Judgment: Sometimes there is a close relative, Match 5, who overlaps much more than me and Matches 2 and 4. Experience (and judgment) tells me that this somewhat larger segment is probably from a close relative whose Common Ancestor with me includes a father/mother more distant – with one of them being the CA for the full TG.  

As I read over the comments of the previous blogpost, several words pop into my mind: context, messy, complex, judgment, imprecise, etc., as well as “we’re making this up as we go”.

Messy – yes Triangulating all of our Match segments against our own can be messy – and judgment is needed. Given the random nature of recombination, I do see some curve balls from time to time. Triangulation usually identifies false (IBS) segments, which should be discarded. If I find a shared segment that really messes things up, I’ll also discard it (or at least highlight it as weird). As I’ve blogged before, the raw data is sometimes messy – or fuzzy – sometimes reporting a shared DNA segment that runs longer that it should. Although my parents are not related (per GedMatch), I do have one area of my DNA that my two parents combined have all of the most common SNPs, and so I get a “zigzag” pileup of many Matches with false segments there. I’ve identified this area and then toss out those Match segments (<10cM). Pedigree collapse and endogamy also create messy areas. To the extent possible, identify these specific locations with a dummy segment to highlight the potential issue.

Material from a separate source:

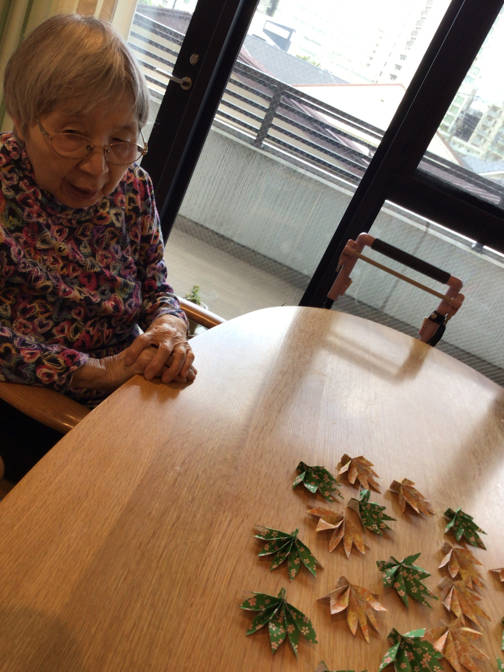 今日は皆さんと一緒に新聞を折ったりして,紅葉の折り紙も作りました。

Context – in developing my Chromosome Map, the segments will be adjacent to each other.  I look for the previous and the following TGs to the one I am working on. Ideally (and actually) each of my segments will “crossover” to the next segment which is from a different Ancestor of mine. Note – that “next” Ancestor may involve a different grandparent, or a different 3xG grandparent. We have to fill out the Chromosome map to figure that out, but it is important to remember that the next TG will have a different CA. So if I accept the conservative TG (a part of the Match 3 shared segment), what different Ancestor can I find for all of the “leftover” shared DNA segment pieces of my DNA.

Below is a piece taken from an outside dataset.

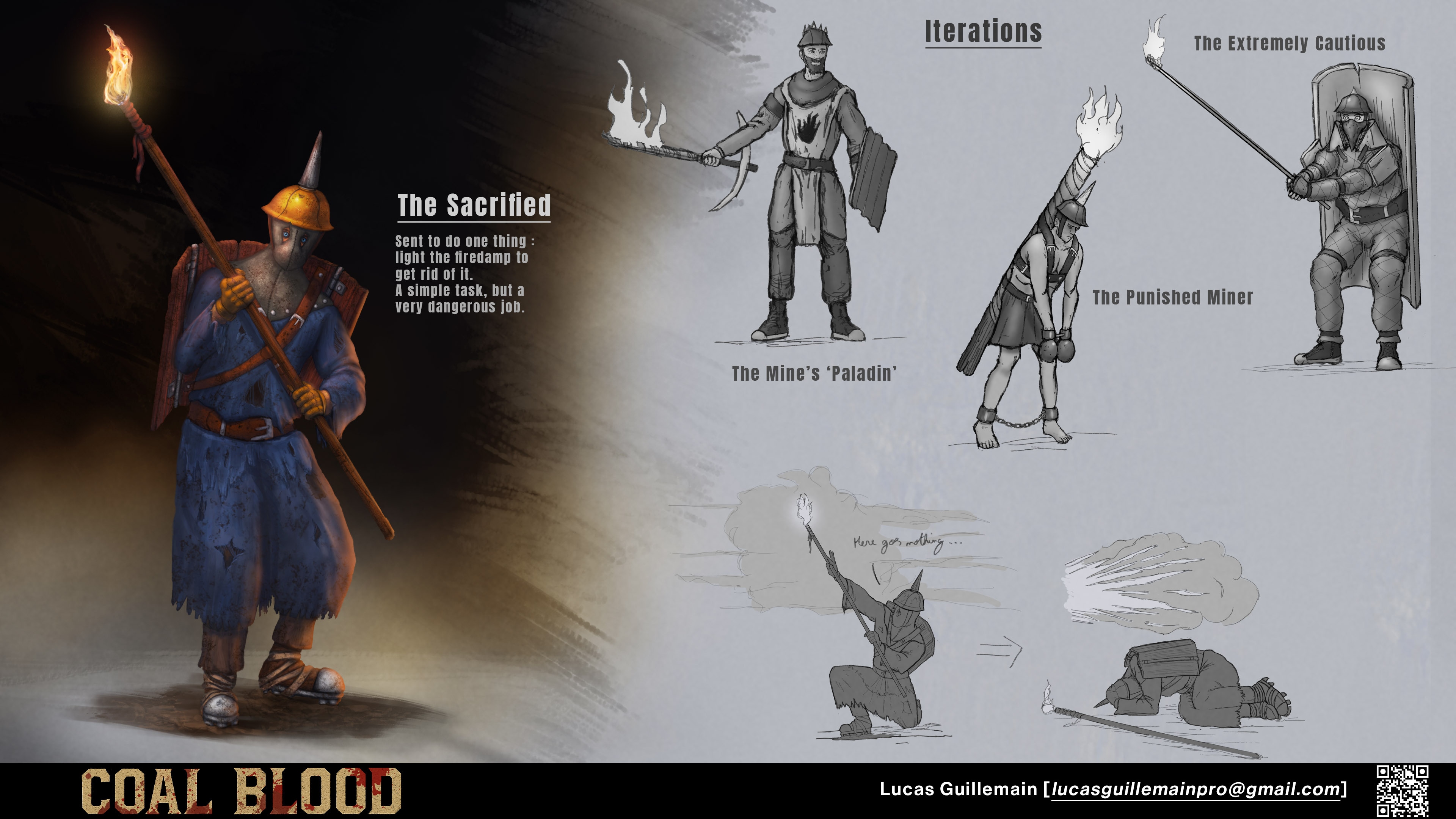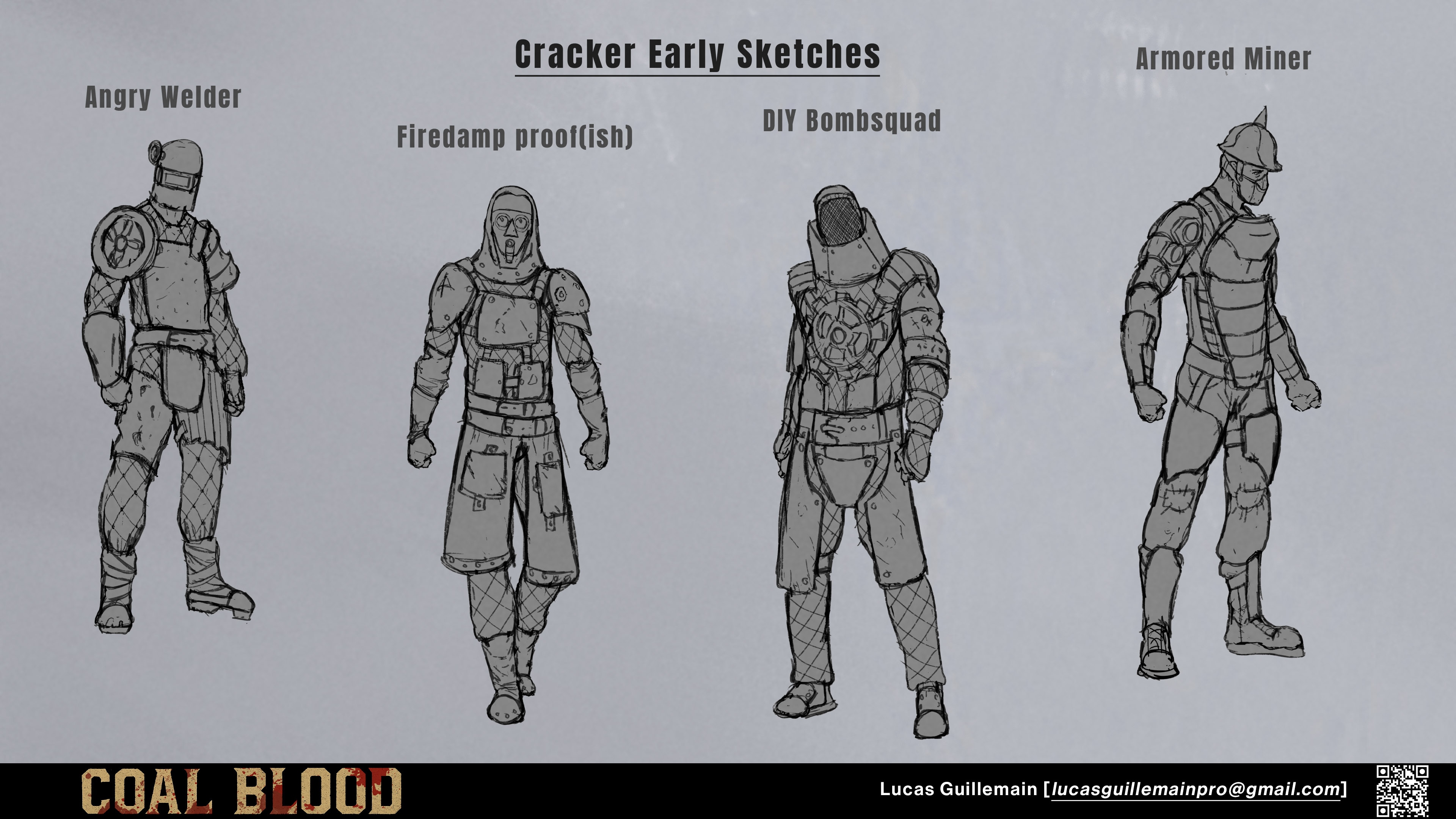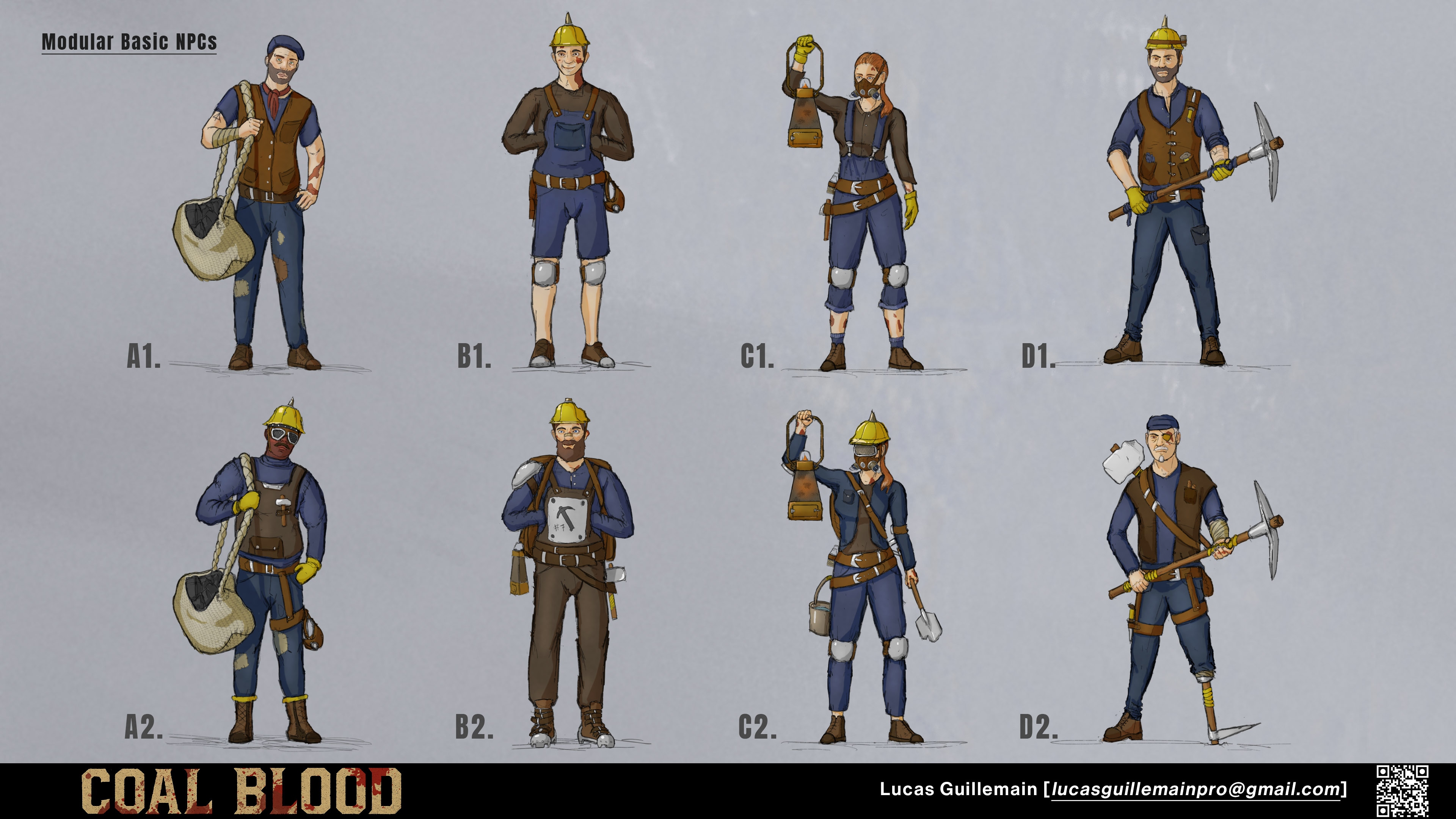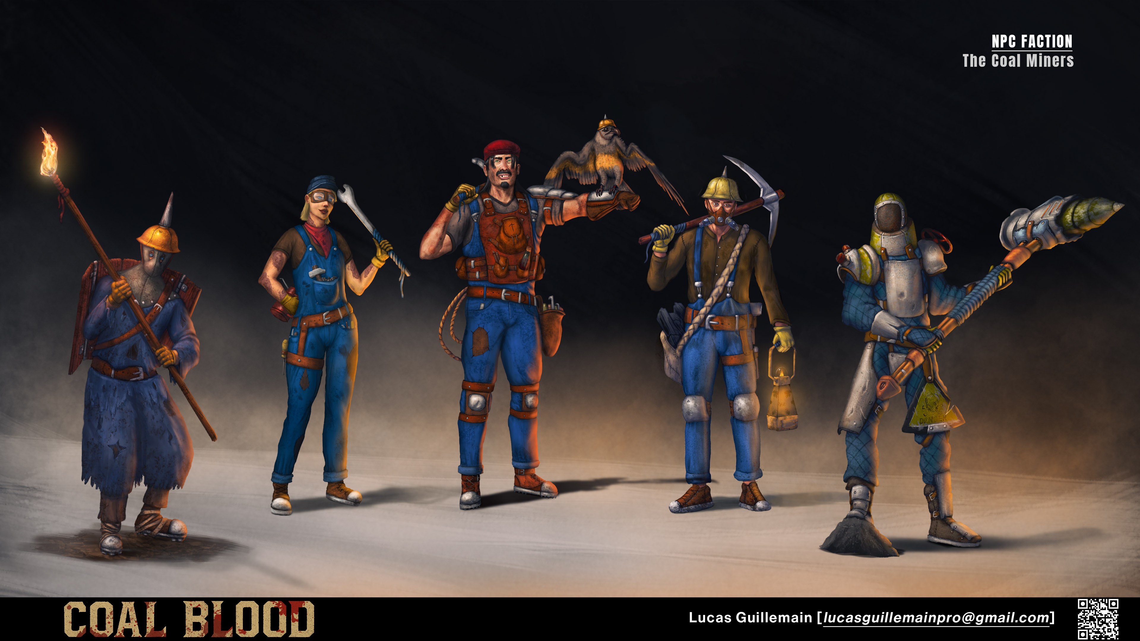 Ici l'idée était de faire le design de toute la faction qui s'occupe d'exploiter le charbon, les mineurs (logique :D). Ca me permet de me faire un peu la main sur le process, et ça me permet de continuer à pas mal apprendre au niveau des fondamentaux encore !

Complex – One complex part of this analysis is what about the parts of true segments from Match 1 and 2 and 4 that are not in the full TG I show in blue? I focus on my DNA, but I think every true Segmentologist should try this experiment with say Match 2 at GEDmatch. Use Segment Search to find other Matches who share the same segment and build the TG for Match 2 – it “will” be different than my (or your) TG. A little different or a lot different? If Match 2 is a known cousin, the same MRCA would almost always apply. By doing this with other Matches in a TG, many of us (working together) are building a larger segment of the CA.

Imprecise – I’ve blogged about fuzzy data. I counter this with judgment. I look at all the segment data for a TG (all my segments are in one spreadsheet). Among the TG fuzzy start data I decide on a specific Mbp start location. Then I decide on a Mbp start location for the next (adjacent) TG. Often some shared segments from the initial TG will “spill over”, past the start of the next TG. The small amounts of spillover, I just ignore: fuzzy data. If there is a large spillover, I’ll consider if the second TG is potentially closely related to the first TG, or not.

Imprecise – This also describes the fact that all your shared DNA segments may not “cover” all of your DNA neatly, or uniformly, or even completely. The shared DNA segments are independent and random – they are not at our beck and call…  They don’t necessarily help us fill the gaps perfectly. They are what they are – they are clues we must use as best we can.

All of the above is to indicate that all IBD shared segments should have a home in a TG, and that all the TG segments should cover all of your chromosomes, IMO. Remember, at each generation, all of your segments from that generation must add up to all your chromosomes!

Another aspect of this which I muse about is the SNPs – thousands of them in a unique arrangement in my DNA. Let’s say Match 1 shares 2,000 SNPs with me. Alone we would say the shared DNA segment between us (green) came from a Common Ancestor. Similarly we would say the 3,000 SNPs in the shared segment with Match 2 was from a CA. I don’t see how we could argue that these two CAs were somehow different. I think it is much more likely that the CA is the same, and Match 1 just didn’t get the full segment that I did and Match 2 did. Match 3 is in the middle of all these SNPs – surely Match 3 got the same SNPs from the overlapping locations. By comparing the SNP values of all 4 Matches, I’m confident that we’d find the same values at each SNP location.

Note: all of these Matches and evaluations are based on separated cousins. Of course close relatives could have the same segments and SNPs – the whole concept of segment Triangulation depends on an analysis of more distant relationships.

My summary:

The TG Group of Matches should all look for the same Common Ancestor – and hopefully help each other toward that goal.

The full TG segment (blue) is my DNA segment, which I can use as part of my Chromosome Map. It defines my crossover points. Also I can contribute my SNPs to any larger study of my Ancestor’s DNA.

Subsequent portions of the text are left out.